On the flip side, if you are trying to associate a verbal cue with a desired action, that's another story.


----------



## Geoff Empey (Jan 8, 2008)

Connie Sutherland said:


> I'm trying to reconcile this with my own (and I imagine other people's) policy of not caressing (voice or hand) a fearful dog, but matter-of-factly moving on.
> 
> I guess a difference here might be that the naming is done before the dog actually is fearful? Or maybe that the naming is done very matter-of-factly?



I understand where you are coming from Connie, and maybe Kayce can clarify. 

I know that if a young dog gets agitated at something .. say another dog walks by and your dog's hackles raise and yours gets snarly and agitated. If you go to your dog and start making a fuss over it petting it and talking to it trying to sooth it at that time. You can actually reinforce that negative behaviour from your own dog as in effect you are rewarding it for the hackles and aggression cues. 

To me it's a pretty fine line between naming something to moving it into the next IB marker it has to be a state fluid verbal movement combined with action. Maybe I'm wrong but that is the way I see it. Thoughts?


----------



## Konnie Hein (Jun 14, 2006)

Kristina Senter said:


> Personally, I see little need to name individual things and in my experience, have seen more problems than good arise from too much "conversation" with ones dog.
> The dog has no clue that you are saying "theres a firing range, it's ok" vs "they're lining German Shepherds up around the corner, try to look lab-ish ok?"

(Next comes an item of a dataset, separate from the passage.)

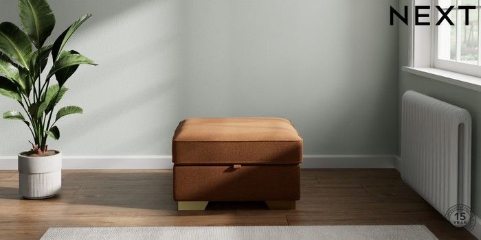 7.2.10 Stamford Buttoned Back Storage Footstool Ripple Chenille Mid Rust Brown Square Angle - Brushed Brass | Made Click here to use our website with more accessibility support, for example screen readers

I'm sure Kayce will elaborate further on the idea of naming objects, but her explanation of it in reference to the pig prompted me to try it. I haven't tried it with my dogs, but I've already tried it with my horse. Here's how it goes...

We're out on a ride, he sees something moving toward us in the distance. He doesn't know what it is and starts to get nervous (natural reaction for a prey animal, after all, it could be a lion or some other predator). I say, "Easy, its a PERSON, PERSON, PERSON." He remembers the last several times he heard that word, it was in reference to a human being who just passed by quietly and didn't bother him. Now he knows there's nothing to be afraid of. He knows what to expect and settles down.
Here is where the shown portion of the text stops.